While the demanding nature of the drug development process is necessary to ensure that the drugs we take are truly helpful, it extends the time needed to bring drugs to market. Not to mention, conducting a drug development campaign is expensive; billions of dollars are invested in any given development program, so it can be a pretty severe blow to drug sponsors if their candidate fails in clinical trials. Some drugs can receive priority designations that can accelerate their approval, but even with this prioritization, the current setup is so expensive and time intensive that it often deters pharmaceutical companies from starting campaigns for high-risk or challenging targets.
Fortunately however, there are emerging technologies in drug discovery that may cut down both the cost and time needed for finding promising drug candidates. Over the years, pharmaceutical companies have built libraries that contain up to hundreds of thousands of compounds, and with investment in automation, they can test thousands of them for efficacy against a protein target via high throughput screening. Some libraries even have genetic tags, where each library member can be identified via an appended barcode. These barcodes allow entire libraries to be tested simultaneously, since promising drug candidates can be singled out and identified with their unique barcode.

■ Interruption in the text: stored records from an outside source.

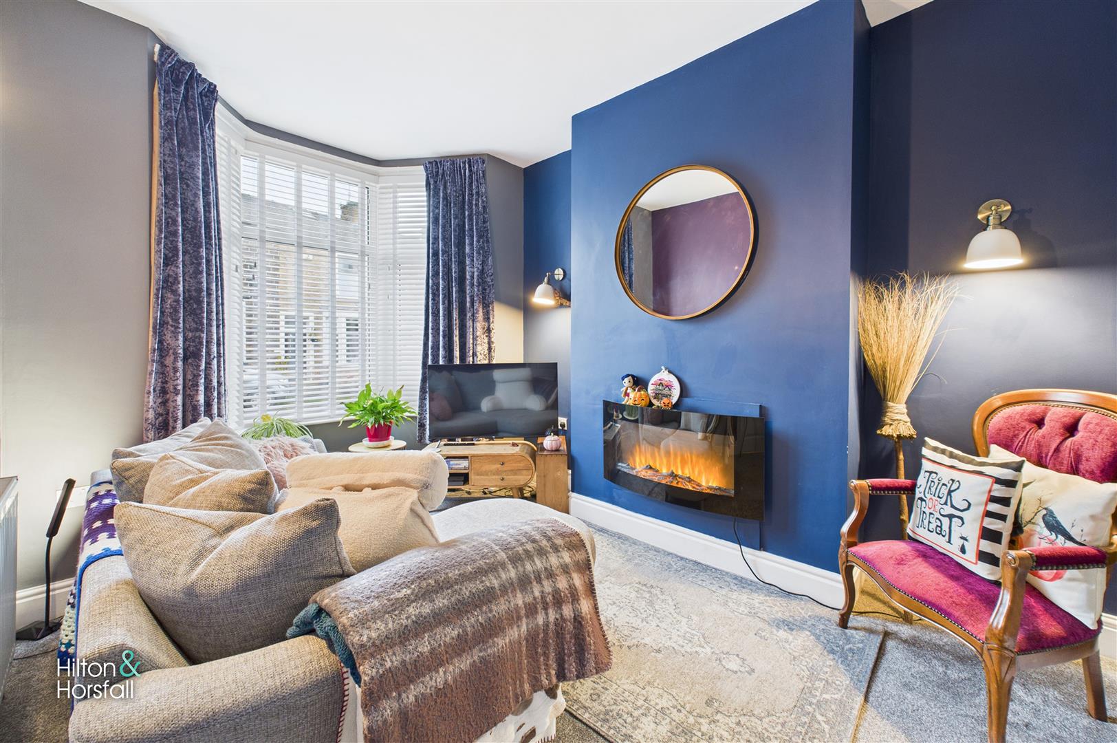 Positioned at the front of the property, this beautifully presented reception room features a large bay window that allows an abundance of natural light to flow through, creating a bright and inviting atmosphere. The space is tastefully decorated with a modern colour palette and includes a feature wall with an inset electric fire, offering both warmth and style. Finished with quality carpeting and ample room for furnishings, this room provides a comfortable and welcoming space ideal for relaxation or entertaining guests.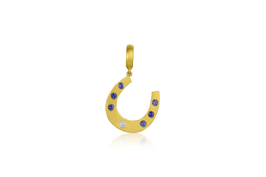 Inspired by Jennifer’s love of horses, this horseshoe pendant features six flush set blue sapphires and a central diamond. An opening bail makes it easy to layer. The horseshoe is, of course, oriented with the ends...Regular price $5,680.00 -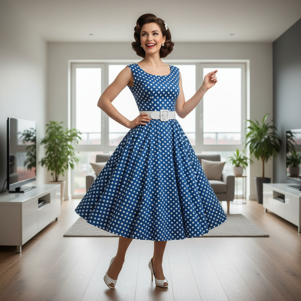 A portrait of me in a modern living room. Change it so I’m dressed in 1950s attire with a polka-dot dress, while maintaining my face and hairstyle.Aspect ratio of the output image.

On the clinical side, the use of technology is a key part of streamlining trials and making them more efficient. Clinical trial conduct is still often manual and redundant; using modern technology to perform real-time document collection will greatly expedite aspects of study start-up (like contract and budget negotiations, patient recruitment, managing regulatory documents and patient files, etc.) and facilitate data reporting between multiple sites during a trial. There has also been a recent push for adopting adaptive clinical trials, where variables like dosing, study size, and even administered drug(s), can change throughout the course of a trial in hopes of zeroing in on a specific patient population in which a drug is most effective.
Overall, it may be easier to think of it this way – the drug development pipeline is kind of like a gauntlet. New technologies in drug discovery can equip our runners with armor that allow them to better withstand the gauntlet’s attacks, and streamlined clinical trials can help them run faster. With these power ups, we hope that the best runners make it through the gauntlet more quickly, so patients in need can receive novel therapies.
Importantly however, the gauntlet itself remains the same. Rigorous clinical trial testing is needed to ensure that we are in fact creating safe and effective medicines, and this stringency should not be compromised. In the face of public health emergencies, like COVID-19, it may seem like the drug development and approval process is sluggish. But because of its rigor, if the FDA were to approve a treatment for COVID-19 tomorrow, we would trust in the efficacy and safety of that treatment – and that assurance, at least personally, is worth the longer wait time.
*NDAs are only applicable for molecular compounds, like aspirin or ibuprofen. Biologics (i.e. vaccines, insulin, and therapeutic antibodies) go through a somewhat different approval process that isn’t discussed here.